Jonathan Sacks também falou de mudança climática. Usou conceitos da ciência para cunhar a expressão Mudança Climática Cultural: “estamos atravessando uma das mais profundas revoluções da história humana e eu a resumo como Mudança Global Cultural. Assim como a mudança na temperatura quebra velhos padrões e muda radicalmente as condições meteorológicas, esta mudança climática cultural vem causando uma série de tempestades no Ocidente que vão virar de cabeça para baixo noções convencionais da fé e do papel que as religiões ocupam na sociedade.” Com a secularização, a ocidentalização e a necessidade de acomodação das religiões para sobreviverem e atingirem camadas mais amplas da sociedade houve desenvolvimentos controversos: “nas últimas décadas metade do mundo se tornou menos religiosa e metade, mais religiosa .”

Em julho de 2017 ele disse: ”acredito que estamos passando por um equivalente cultural das mudanças climáticas e somente quando percebemos isso é que entenderemos as coisas estranhas que têm acontecido no século 21 nos domínios da política e da economia, a deterioração de padrões públicos de verdade, de debate civil, e a ameaça à liberdade de expressão nas universidades inglesas e americanas" (e eu acrescento, porque não, as brasileiras?)… e completou: “isto tem dado substrato a fenômenos mais pessoais como solidão, depressão, e abuso de drogas. Todas essas coisas se relacionam. Se percebermos isso já teremos dado o primeiro passo para uma solução.”

Fenômenos complexos, desafiadores, em meio aos quais temos de nos desenvolver e tomar posições: não dá para fugir. Novamente, temos quantidade mas estamos enfrentando isso com a qualidade que precisamos?
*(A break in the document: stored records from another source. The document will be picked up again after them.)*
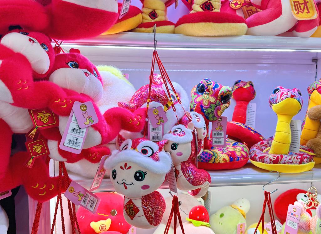 農(nóng)歷乙巳蛇年將至,結(jié)合生肖主題,陸慶榮與團(tuán)隊(duì)早在去年七、八月就敲定了三十多個(gè)品種的款式設(shè)計(jì),而十一月、十二月便是出貨銷售的高峰期,每天能賣出約兩萬(wàn)只毛絨玩具。其中,“福寶蛇”和布藝蛇玩具是“人氣王”。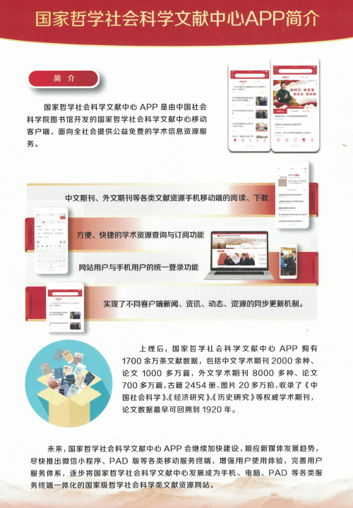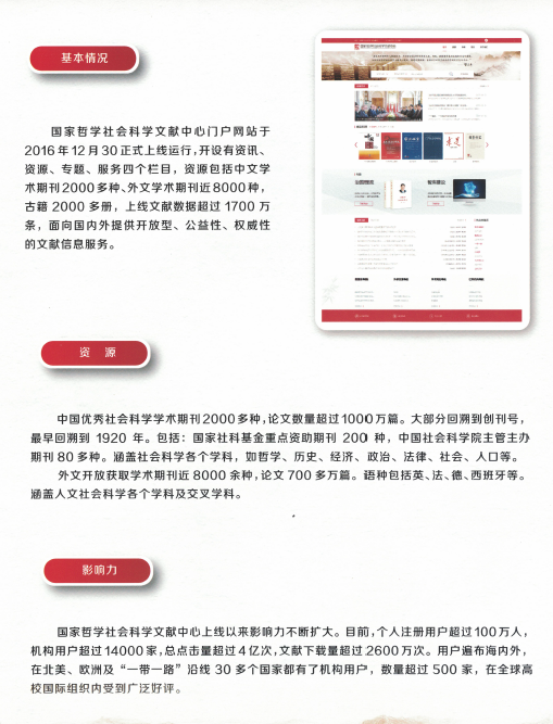 由中国社会科学院承建的“国家哲学社会科学学术期刊数据库”旨在建设成为我国国内最大的公益性社会科学精品期刊数据库,公益、开放。目前收录中国优秀社会科学学术期刊2000多种、论文数量超过1000万篇,外文开放获取学术期刊近8000余种,论文700多万篇,古籍2000多册。期刊大部分回溯到创刊号,最早回溯到1920年,收录国家社科基金遴选并重点资助的国内顶级社科类学术期刊200种,收录中国社会科学院主管主办期刊80多种,涵盖社会科学各个学科。收录期刊绝大部分入选中国社会科学院、北京大学、南京大学三大评价体系的核心期刊。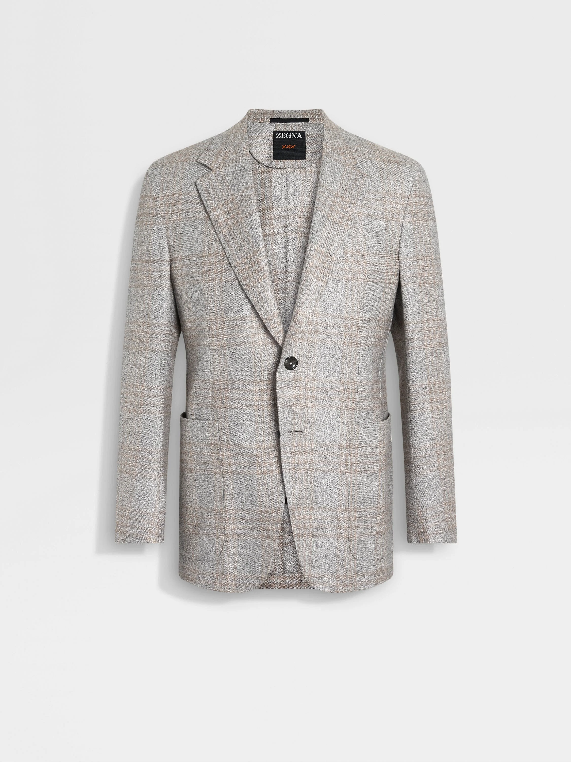 Embrace effortless elegance in this light grey and light taupe macro-checked jacket, made from luxurious cashmere-silk. INFO Nothing says fine tailoring like a luxurious blend of cashmere-silk and timeless sartorial details. This jacket boasts a macro-checked pattern in light grey and light taupe hues. Styled with classic notch lapels and patch pockets. PRODUCT CODE 259051A2-10JCN0 MATERIALS AND CARE 51% Mulberry Silk; 49% Cashmere Do not wash. Do not bleach. Do not tumble dry. Iron at max 110° C. Professional dry cleaning in tetrachloroethene and hydrocarbons, mild process. FIT AND PRODUCT DETAILS • Regular fit • Tailoring jacket • Double vents • Notch lapels • Macro-checked pattern • Button closure • Patch pockets • Deconstructed, canvas • Unlined • 75 cm length on size 48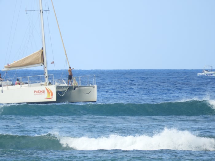 カタマランやボートが6~7艘もアウトに出てます。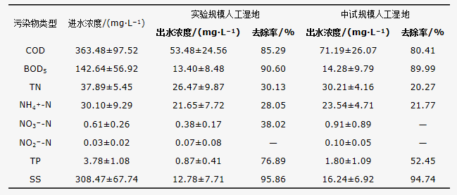 表1 不同尺度潛流人工濕地的污水凈化效果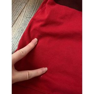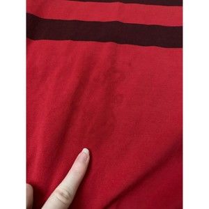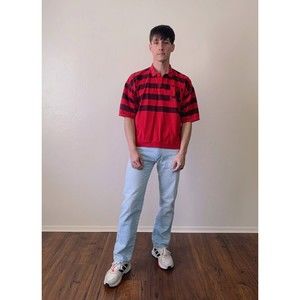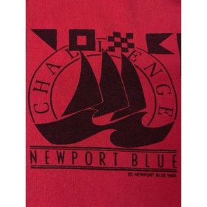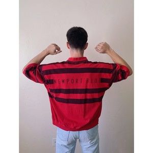 Vintage red polo shirt from Newport Blue marked 1988 on the front. Has black stripes on the top half front and back. Collared neckline with buttons. Fitted band around waistline. Boxy style fit. "Newport Blue" printed across the back.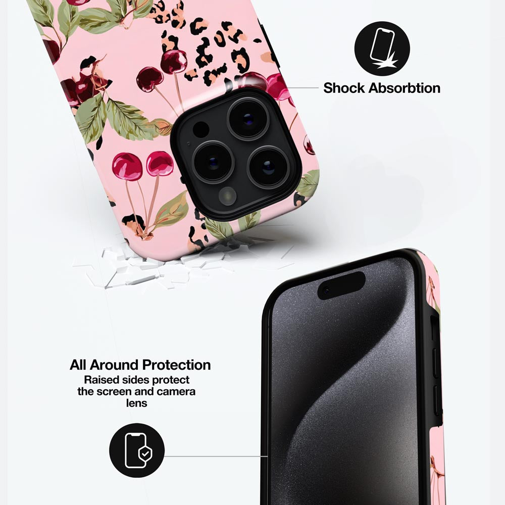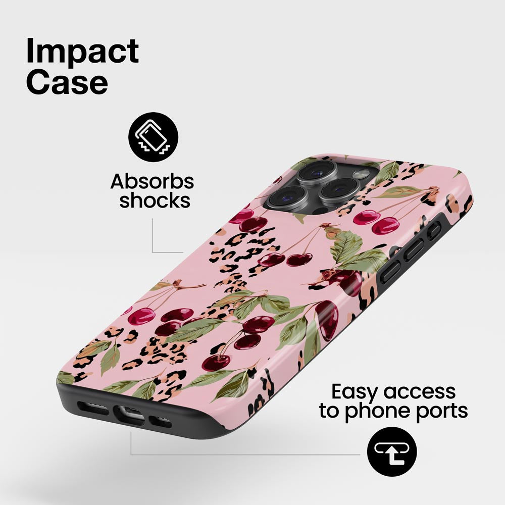 Wild but sweet. Cherry Wild is where juicy cherries meet soft leopard print on pastel pink. A little glam, a little wild girl energy.
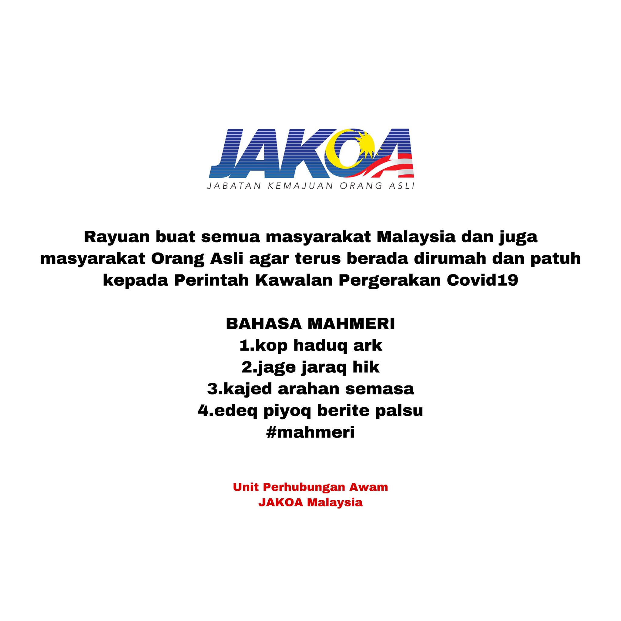 Jab Kem Orang Asli On Twitter Tugasmulia Jakoamalaysia Stayhome Kitajagakita

O Prof. Sacks encerra sobre esta mudança climática cultural, esta “loucura dos tempos atuais”, usando uma fala de Woody Allen: “mais do que em qualquer outro tempo da história, a humanidade enfrenta um encruzilhada - um caminho leva ao desespero e pura desesperança, o outro, para a extinção. Bem, vamos rezar para termos a sabedoria de escolher corretamente."